A avaliação do risco durante a gravidez permite a detecção e tratamento precoce de complicações que possam induzir aborto espontâneo, parto pré-termo, morte fetal e aumento da morbilidade neo-natal. Entre os factores de risco temos de ter em conta quer factores psicológicos, quer a situação socioprofissional da mulher, os seus hábitos de vida, a sua idade, a história clínica e obstétrica, a forma como surgiu a gestação e se esta determinou alterações físicas ou psicológicas induzidas pela gravidez.

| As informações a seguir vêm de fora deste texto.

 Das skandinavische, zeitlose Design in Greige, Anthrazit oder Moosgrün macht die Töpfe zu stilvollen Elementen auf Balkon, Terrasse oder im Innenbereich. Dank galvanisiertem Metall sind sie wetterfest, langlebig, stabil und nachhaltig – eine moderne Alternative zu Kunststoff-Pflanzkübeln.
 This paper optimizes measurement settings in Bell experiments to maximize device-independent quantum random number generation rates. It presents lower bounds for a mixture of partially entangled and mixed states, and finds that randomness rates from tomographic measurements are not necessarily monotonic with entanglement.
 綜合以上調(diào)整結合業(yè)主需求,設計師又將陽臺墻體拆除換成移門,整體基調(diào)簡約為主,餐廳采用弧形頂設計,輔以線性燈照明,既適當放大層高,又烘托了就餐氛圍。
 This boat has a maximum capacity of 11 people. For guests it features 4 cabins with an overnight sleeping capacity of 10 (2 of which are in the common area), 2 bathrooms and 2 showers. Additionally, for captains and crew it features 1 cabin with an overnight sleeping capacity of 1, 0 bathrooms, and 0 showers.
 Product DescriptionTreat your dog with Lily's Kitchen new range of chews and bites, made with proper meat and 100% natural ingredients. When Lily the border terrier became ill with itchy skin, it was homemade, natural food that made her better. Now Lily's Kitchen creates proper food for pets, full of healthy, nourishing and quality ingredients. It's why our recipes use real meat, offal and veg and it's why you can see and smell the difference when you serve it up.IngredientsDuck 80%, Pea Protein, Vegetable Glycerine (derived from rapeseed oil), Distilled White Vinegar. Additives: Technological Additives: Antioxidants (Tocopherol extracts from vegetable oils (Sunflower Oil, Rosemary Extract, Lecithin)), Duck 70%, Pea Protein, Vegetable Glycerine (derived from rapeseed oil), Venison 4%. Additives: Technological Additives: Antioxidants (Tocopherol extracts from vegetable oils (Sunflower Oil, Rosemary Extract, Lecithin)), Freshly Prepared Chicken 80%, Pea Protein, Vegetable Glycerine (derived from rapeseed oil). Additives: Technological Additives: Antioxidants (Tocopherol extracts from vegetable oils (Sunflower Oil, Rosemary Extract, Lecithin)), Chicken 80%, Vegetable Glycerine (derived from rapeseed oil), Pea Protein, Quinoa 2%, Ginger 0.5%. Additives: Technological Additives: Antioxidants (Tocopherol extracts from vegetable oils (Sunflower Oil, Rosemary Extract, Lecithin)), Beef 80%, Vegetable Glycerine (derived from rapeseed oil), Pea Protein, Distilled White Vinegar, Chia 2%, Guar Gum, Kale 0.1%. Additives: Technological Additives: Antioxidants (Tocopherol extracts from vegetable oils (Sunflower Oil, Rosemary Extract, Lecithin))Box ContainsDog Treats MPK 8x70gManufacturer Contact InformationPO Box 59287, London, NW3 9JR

Após a confirmação de diagnóstico de gravidez é fundamental avaliar os sentimentos da mulher, as suas expectativas face ao decurso da gravidez e ao parto e a aceitação do filho. É necessário conhecer:
1. Se foi uma gravidez planeada e desejada, ou se pelo contrário é uma gravidez geradora de «stress» e de grande ansiedade e quais os motivos que estão na origem de tal situação.

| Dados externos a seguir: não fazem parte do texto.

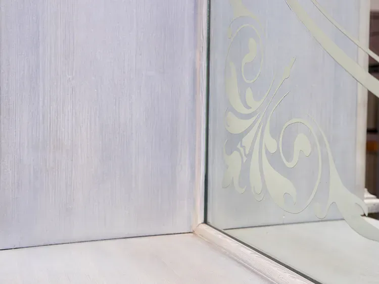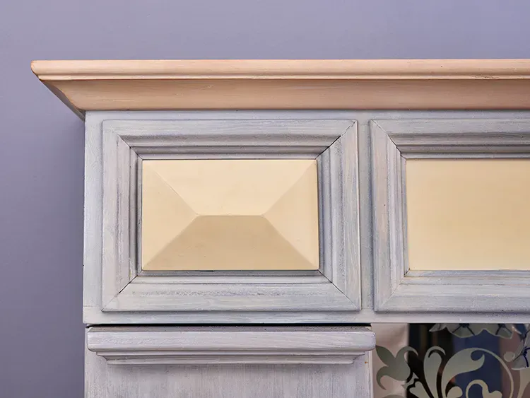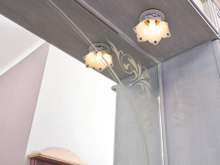Mobile da bagno con base composta da 4 ante e 2 cassetti in Abete massello verniciato ad acqua col Azzurro cielo, con finitura decapè Bianca patinata a mano, cornici e piedi in finitura naturale, Top e schienale in marmo cristallino azzurro sp. 3 cm, specchio con decorazione sabbiata sugli angoli con sotto 6 cassettini e 2 antine laterali, faretti da incasso in ceramica mangani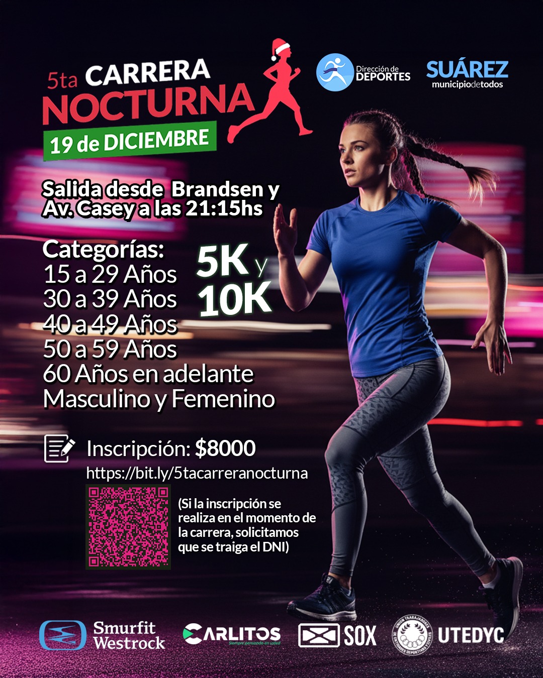 Organizada por la dirección de Deportes del Municipio de Coronel Suárez y por quinto año consecutivo, te invitamos a sumarte a la gran noche del deporte en Coronel Suárez con circuitos de 5 km y 10 km para cerrar el año y recibir el 2026 ¡con toda la actitud! .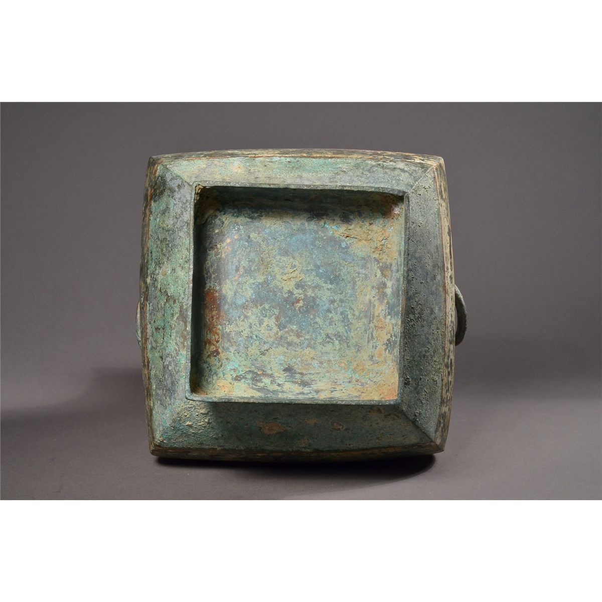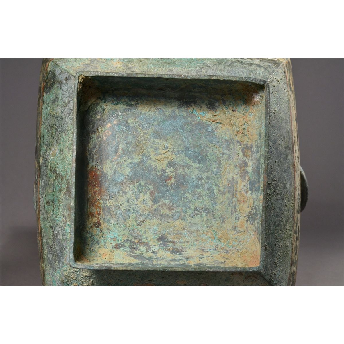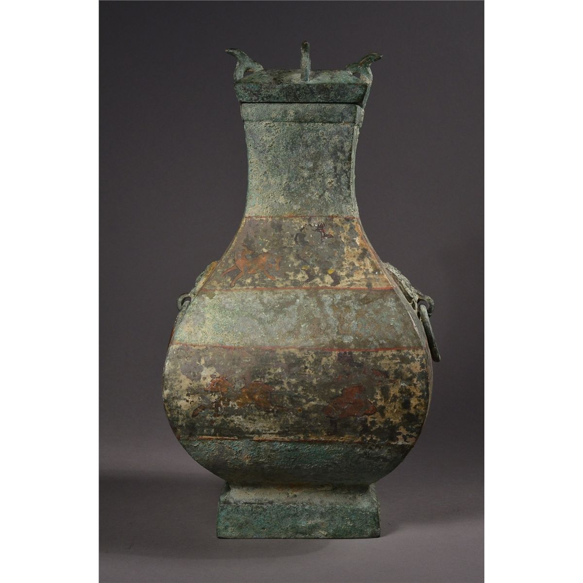 Archaic Chinese bronze hu-shaped square vase; the body with two bands featuring figures in red; taotie mask handles suspending loose rings; turquoise patina; H: 31.75 cm, W: 17 cm, L: 17 cm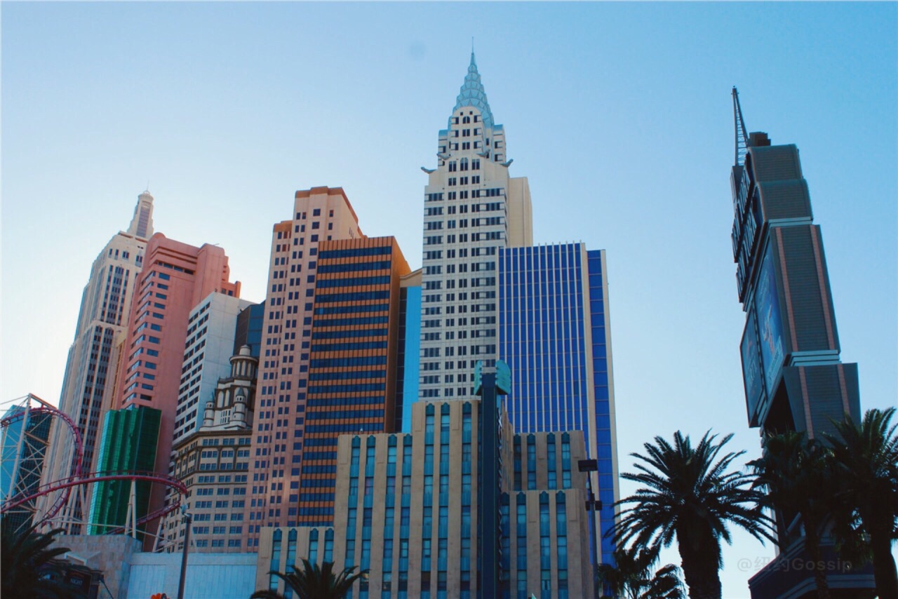 她的背景是著名的多栋纽约高楼大厦,虽然也是仿制的,但楼里其实就是“纽约纽约”酒店的房间

2. Avaliar a saúde mental e a existência de hábitos nocivos, tais como o consumo habitual de medicamentos, álcool, tabaco, ou outras drogas.
A gravidez pode ser muitas vezes o ponto de partida para a criação de estilos de vida saudáveis. O médico de família deve perceber que o reconhecimento de uma gravidez é um período importante na vida da mulher, mesmo quando ela não é desejada, que pode representar um forte motivo para correcção e abandono de hábitos nocivos e modificação de comportamentos.
Na 1ª consulta, caso não tenha sido efectuado um exame pré-concepcional, é fundamental a abordagem psico-social da mulher para que se possa desenhar um plano de aconselhamento e vigilância adequada à situação da grávida e do casal.
Após a avaliação psicológica é preciso investigar a existência de factores de risco biológicos.
É da maior importância que a grávida tenha preparado a sua gravidez, tendo efectuado um exame pré-concepcional. Se este foi realizado e se a avaliação biofísica não apresenta alterações permite-nos saber que a concepção ocorreu nas melhores condições. O exame pré-concepcional tem como finalidade a correcção atempada, antes da gravidez de alterações biológicas e psicológicas, permitindo que quando a mulher deseja engravidar não ponha em risco o seu bem-estar e o do feto (por exemplo uma mulher portadora de diabetes deve iniciar insulina antes de engravidar e a concepção deve ocorrer quando o perfil glicémico tiver atingido níveis de bom controle).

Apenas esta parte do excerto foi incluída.